Мы возвращались к себе, а я ломал голову над загадкой этого идиотского шкафа. Значит, значит, спрятал там?.. И весь этот разговор?.. Щеки у меня начали гореть так, что я невольно потер их. Что за сумасшествие. И до чего мы договорились? Ни до чего. Правда, завтра утром...

И вдруг меня охватил страх, почти такой же, как в последнюю ночь. Моя энцефалограмма. Полная запись всех мозговых процессов, переведенных в колебания пучка лучей, будет послана вниз. В глубины этого необъятного безбрежного чудовища. Как он сказал: «Если бы она исчезла, ты бы ужасно страдал, а?» Энцефалограмма — это полная запись. Подсознательных процессов тоже. А если я хочу, чтобы она исчезла, умерла? Разве иначе меня удивило бы так, что она пережила это ужасное покушение? Можно ли отвечать за собственное подсознание? Если я не отвечаю за него, то кто?.. Что за идиотизм? За каким чертом я согласился, чтобы именно мою... мою... Могу, конечно, заучить предварительно эту запись, но ведь прочитать не сумею. Этого никто не может. Специалисты в состоянии лишь определить, о чем думал подопытный, но только в самых общих чертах: что решал, например, математическую задачу, но сказать, какую, они уже не в состоянии. Утверждают, что это невозможно, так как энцефалограмма — случайная смесь огромного множества одновременно протекающих процессов и только часть их имеет психическую «подкладку». А подсознание?.. О нем вообще не хотят говорить, а где уж им читать чьи-то воспоминания, подавленные или неподавленные... Но почему я так боюсь? Сам ведь говорил утром Хари, что этот эксперимент ничего не даст. Уж если наши нейрофизиологи не умеют читать записи, то как же этот страшно чужой, черный, жидкий гигант...
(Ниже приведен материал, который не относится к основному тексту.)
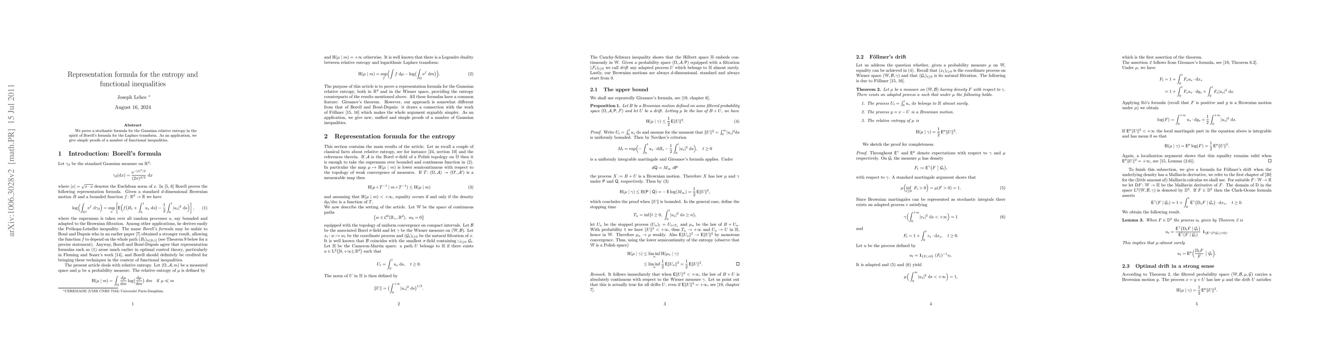 We prove a stochastic formula for the Gaussian relative entropy in the spirit of Borell's formula for the Laplace transform. As an application, we give unified and short proofs of a number of functional inequalities.

Но он вошел неизвестно как, чтобы измерить всю мою память и найти самую болезненную ее частичку. Как же в этом сомневаться? И если без всякой помощи, без какой-либо «лучевой передачи», вторгаясь через дважды герметизированный панцирь, сквозь тяжелую броню Станции, нашел в ней меня и ушел с добычей...

— Крис?.. — тихо позвала Хари.

Я стоял у окна, уставившись невидящими глазами в начинающуюся ночь.
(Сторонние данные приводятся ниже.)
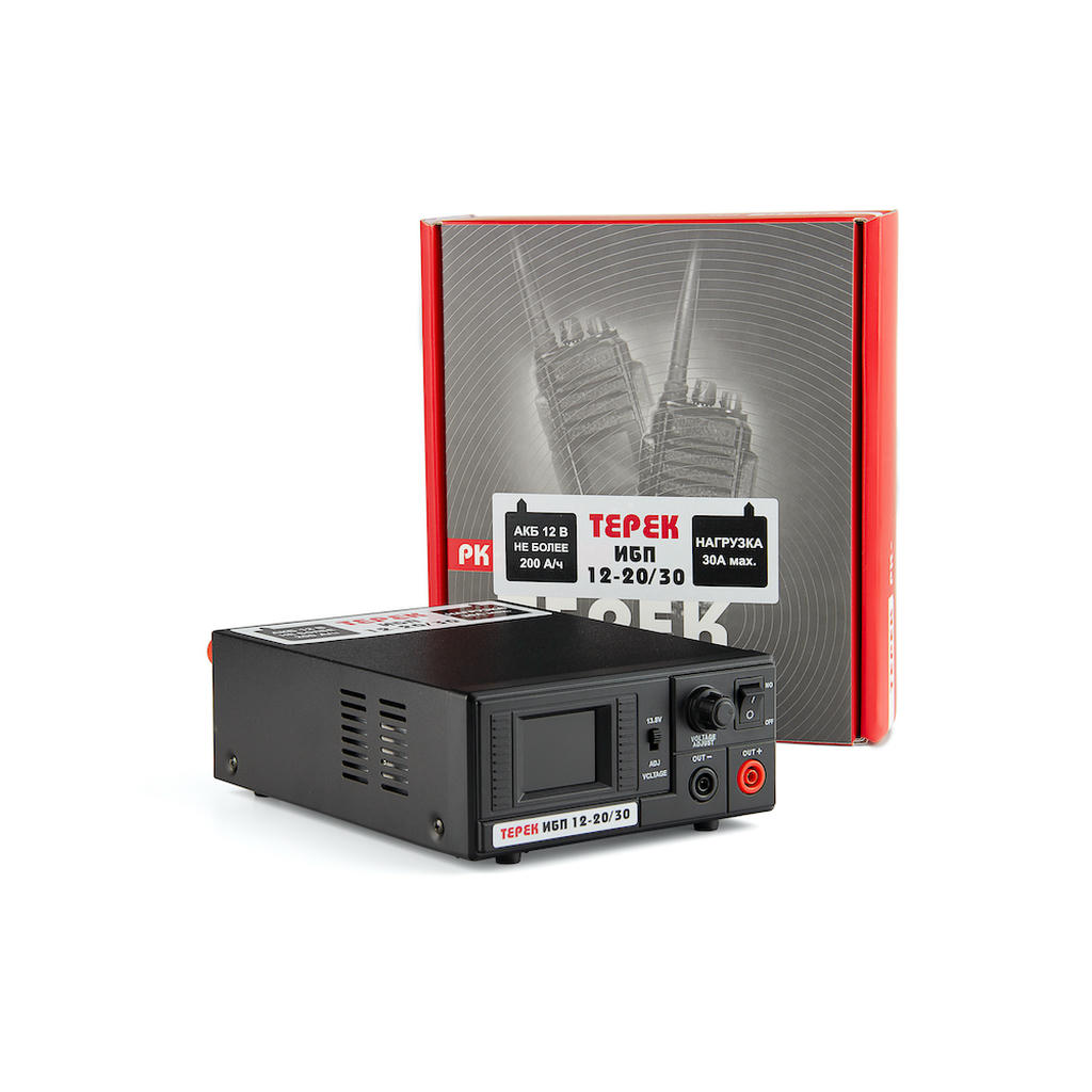 ИБП 12-20/30 обеспечивает стабилизированное выходное напряжение 13,8 В при постоянном токе нагрузки 25 А и кратковременном токе до 30 А. Три двухполярных выходных терминала допускают одновременное подключение нескольких единиц оборудования. Рекомендуемая ёмкость внешней аккумуляторной батареи — до 200 Ач. Диапазон рабочих температур составляет от −25 °C до +55 °C. Входное напряжение от 140 до 250 В обеспечивает работу при пониженном сетевом напряжении.

Если она потом исчезнет, то это будет означать, что я хотел... Что убил ее. Не ходить туда? Они не могут меня заставить. Но что я скажу им? Это — нет. Не могу. Значит, нужно притворяться, нужно врать снова и всегда. И это потому, что, может быть, во мне есть мысли, намерения, надежды, страшные, преступные, а я ничего о них не знаю. Человек отправился познавать иные миры, иные цивилизации, не познав до конца собственных тайников, закоулков, колодцев, забаррикадированных темных дверей. Выдать им ее... от стыда? Выдать только потому, что у меня недостает отваги?

— Крис... — еще тише, чем до этого, шепнула Хари.

Я скорее почувствовал, чем услышал, как она бесшумно подошла ко мне, и притворился, что ничего не заметил. В этот момент я хотел быть один. Я должен был быть один. Я еще ни на что не решился, ни к чему не пришел... Глядя в темнеющее небо, в звезды, которые были только прозрачной тенью земных звезд, я стоял без движения, а в пустоте, пришедшей на смену бешеной гонке мыслей, росла без слов мертвая, равнодушная уверенность, что там, в недостижимых для меня глубинах сознания, там я уже выбрал и, притворяясь, что ничего не случилось, не имел даже силы, чтобы презирать себя.